— ASSIGNMENT —
From the line that has "Marseille, directeur: Jean" down to the last line of the data below, set down every line exactly, but none of the pictures.

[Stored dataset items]
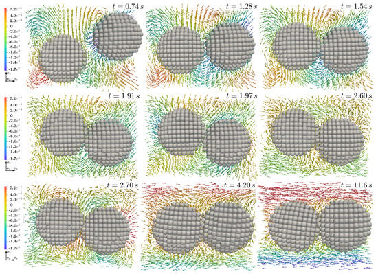 Velocity trajectories of for the evolution of contact between two solid particles over time (top left to bottom right). Contact occurs at and again at . Due to hydromechanical and hydrodynamical forces, particles stay close to each other even after contact.
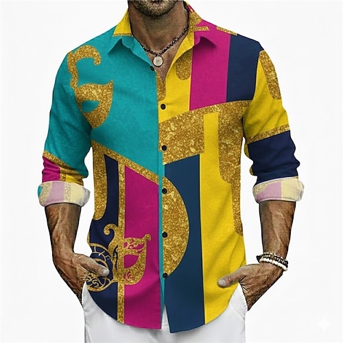 Men's Mardi Gras Shirt – Minimal Carnival Party Button Up Graphic Shirt
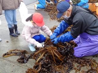 ワカメの刈り取り
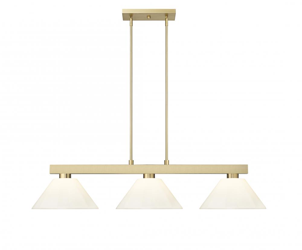 Conical shades bring classic ambiance to a modern three-light billiards light. Its clean-lined frame is perfect over a pool table or gaming space, featuring a modern gold finish that pairs perfectly with the crisp white of its shades. From the Cobalt collection, it offers bright illumination for all types of entertainment pursuits.
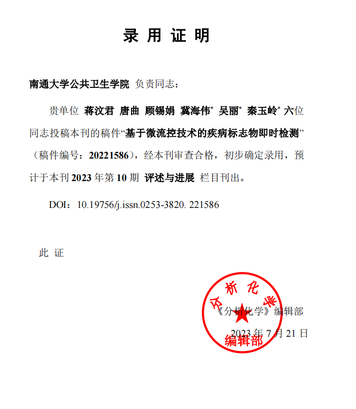 恭喜蒋汶君同学文章被分析化学杂志接收发表!
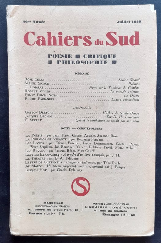 Marseille, directeur: Jean Ballard. Un volume de 88 pages. Exemplaire en bon état.
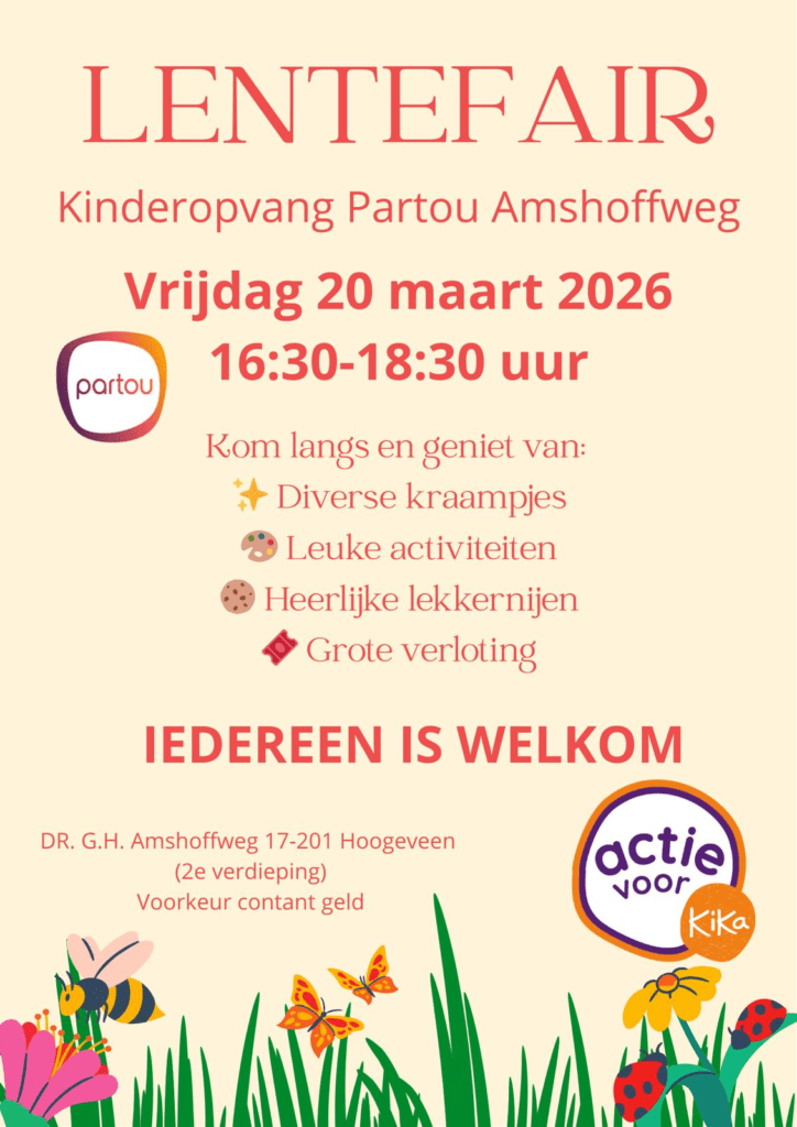 Kinderopvang Partou Amshoffweg opent op 20 maart van 16.30-18.30 uur haar deuren voor iedereen. Er zal een gezellige lentefair gehouden worden met diverse kraampjes met producten, eten en drinken. Ook zijn er activiteiten voor de kinderen zoals een minidisco en schminken. Bovendien is er een mooie verloting met leuke prijzen, gesponsord door diverse ondernemers uit de buurt. De opbrengst willen wij schenken aan KIKA. Let op: wij zelf hebben geen pinapparaat dus graag contant geld meenemen, bij sommige kramen kunt u wel pinnen. Graag tot 20 maart!

— ANSWER SECTION —
 Marseille, directeur: Jean Ballard. Un volume de 88 pages. Exemplaire en bon état.
 Kinderopvang Partou Amshoffweg opent op 20 maart van 16.30-18.30 uur haar deuren voor iedereen. Er zal een gezellige lentefair gehouden worden met diverse kraampjes met producten, eten en drinken. Ook zijn er activiteiten voor de kinderen zoals een minidisco en schminken. Bovendien is er een mooie verloting met leuke prijzen, gesponsord door diverse ondernemers uit de buurt. De opbrengst willen wij schenken aan KIKA. Let op: wij zelf hebben geen pinapparaat dus graag contant geld meenemen, bij sommige kramen kunt u wel pinnen. Graag tot 20 maart!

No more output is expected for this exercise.